So - after trying a few experiments with different download speeds, I don't think the download speed makes any difference. I may have fooled myself into thinking that previously, partly because I had tried so many combinations to try to get to the best ultimate files.
Here are a few things I have learned. I took a (limited) sample of three movie files saved on the TiVo, all H.264 ts (MPEG-4), downloaded from Comcast
For all three movies, I downloaded via (1) TiVo desktop, (2) kmttg, (3) Archivo. The size of the downloaded .tivo file was exactly the same across all three programs. Also, all downloads had pixelations/glitches - but not in exactly the same locations, and not for the same duration.
I converted the .tivo files to H.264 ts files using (1)VideoRedo (2)kmttg tivolibre, (3)Archivo. Note: I did not perform all possible combinations. I did try tivolibre both with and without DirectShow compatibilty option, but the results were so similar that I am only including the "without" results.

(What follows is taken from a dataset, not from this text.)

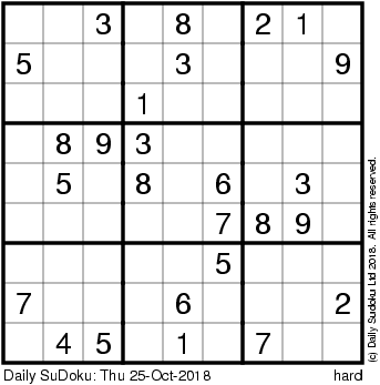 The Daily SuDoku: Thu 25-Oct-2018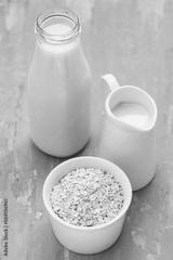 Oat milk. Healthy vegan non-dairy organic drink with flakes

Note that in all cases, the output from running VideoRedo Quick Fix always has eliminated the pixelation/glitches that were present in the input file, at the cost of eliminating frames, thus creating skips in the program.

My preliminary conclusions also reflect the results I have seen visually.
1. If I decrypt/convert the .tivo file to an H.264 ts file using VideoRedo QuickFix, the number of corrupted frames to be eliminated stays really very small - in each case, the eliminated frames total less than one minute of the movie. The results do not vary much no matter which program I use to download the .tivo file.
2. If I decrypt/convert using TivoLibre, it does not appear that TivoLibre tries to "fix" the .tivo file in any way, as the time length of the file is not changed in the process. However, when I then run VideoRedo on the .ts file, it corrects a very large amount of errors, to the point where the file is reduced by several minutes, which results in "gaps" more than small "skips" in the played back movie.
This is consistent with what I have seen, which is - that any corruption in the downloaded .tivo file is greatly magnified in the .ts file created by TivoLibre.
3. If I decrypt/convert using Archivo (archiving directly to a .ts file), the file first downloads, then automatically goes into Repair mode. As shown above, the final (repaired) .ts file is, once again, significantly shorter timewise than the original .tivo file, with the resultant "gaps" is playback. I suspect this means that Archivo and TivoLibre processes for decrypt/encode are fairly similar.

So - While still not getting excellent downloads on H.264 ts files, I can get livable results by downloading .tivo files from any of the three software packages, but doing the decrypt/encode to H.264 ts files by using VideoRedo Quick Fix.


----------



## lpwcomp (May 6, 2002)

I always use kmttg TS downloads + VRD QSfix, and there are slight differences in the corruption depending on whether the source is MPEF2 or H.264. For MPEG, I get "garblng". For H.264, I get jumps. Never see more than a second or so at a time.

I recently had one MPEG2 recording that simply would not download in TS.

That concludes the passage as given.